Он показал мне язык и скорчил забавную гримасу.

— Эти люди довольны собой и наслаждаются жизнью; теперь они купаются и загорают, а ты подсматриваешь за ними саркастическим оком, видящим только упадок и деградацию в нашем грешном и прекрасном мире. Мне придется переименовать тебя в мадам Савонаролу.

— И ты будешь прав, — задумчиво ответила я.

«Неужели я не могу перестать высматривать все худшее, что есть в мире и оплакивать человеческое несовершенство?»

— Но ведь они словно сошли с фрески «Страшный Суд», — сказала я. — Бог наказал немцев за то, что они ведут себя как свиньи и сделал их похожими на свиней.

И, клянусь Богом, это было правдой: они были не просто заплывшие жиром, с внушительными брюшками, мясистыми, словно ниточками перетянутыми, руками, с двойными и тройными подбородками, отражающими солнечные блики — их тела, в довершение всего, были ярко-розовыми. Ослепительно розовыми. Ярче, чем китайская свинина. И выглядели они, как молочные поросята. Или как подопытная свинья, которую мне пришлось анатомировать, проходя второй раздел зоологии — как раз незадолго до завершения моего пребывания в колледже.
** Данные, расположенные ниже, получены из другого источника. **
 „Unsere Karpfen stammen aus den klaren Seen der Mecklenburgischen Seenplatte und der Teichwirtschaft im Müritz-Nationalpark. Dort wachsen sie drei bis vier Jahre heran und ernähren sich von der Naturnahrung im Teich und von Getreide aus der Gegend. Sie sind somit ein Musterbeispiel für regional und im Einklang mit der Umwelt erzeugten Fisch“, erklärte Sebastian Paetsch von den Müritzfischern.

Мы плескались и целовались в воде среди всех этих потерянных и проклятых душ. На мне был черный эластичный купальник с глубоким вырезом, доходящим до живота и привлекавшим всеобщее внимание; женское — очень неодобрительное, а мужское — похотливое. Я почувствовала, как скользкая сперма Адриана вытекает из меня в хлорированную воду бассейна. Американка приносит английское семя немцам. Чем не «план Маршалла»? Ей-Богу, не хуже, чем в древнем мифе про царицу Савскую. Пусть его семя освятит их воду, и они примут крещение, очищаясь от грехов. Адриан-Креститель. А я — Мария Магдалина. Однако я бы удивилась, если бы забеременела, купаясь сразу после соития. Возможно, вода вытолкнула сперму назад… Внезапно я испугалась, что могу забеременеть. И в тот же момент захотела, чтобы так оно и получилось. Я представила себе, какого прелестного ребеночка мы бы сделали вдвоем. Я действительно потеряла голову.
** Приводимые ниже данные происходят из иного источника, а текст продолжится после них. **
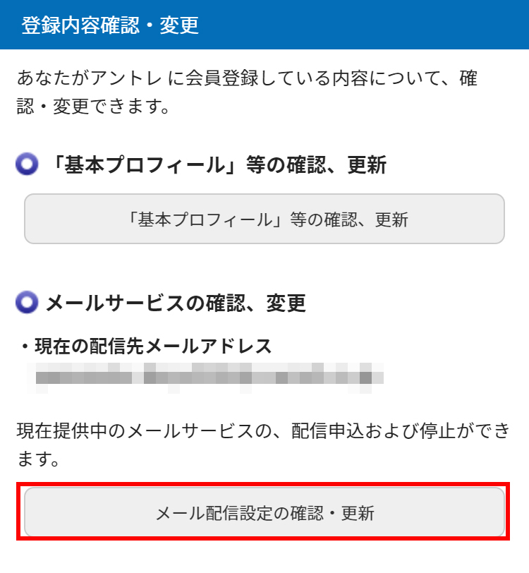 - 登録内容確認・変更画面の「メール配信設定の確認・更新」をクリックします。

Мы уселись в кресла под деревом и начали потягивать пиво. А еще мы обсуждали наше будущее — если таковое могло быть. Похоже, Адриан считал, что я просто обязана уйти от мужа и поселиться в Париже (где он мог бы периодически навещать меня). Я могу снять мансарду и писать книги. А еще я могу наезжать в Лондон и писать книги вместе с ним. И мы будем как Симона де Бовуар и Сартр: вместе, но независимы. И мы сможем распроститься с такой глупостью, как ревность. Мы будем трахаться друг с другом со всеми нашими приятелями (общими и личными). И тогда мы заживем, не заботясь о собственности и забыв об обладании. Возможно, что в один прекрасный день мы сможем основать коммуну для поэтов, шизофреников и радикальных психоаналитиков. Вместо того, чтобы рассуждать об экзистенциализме, надо жить, как настоящие экзистенциалисты. Все мы соберемся под одной крышей.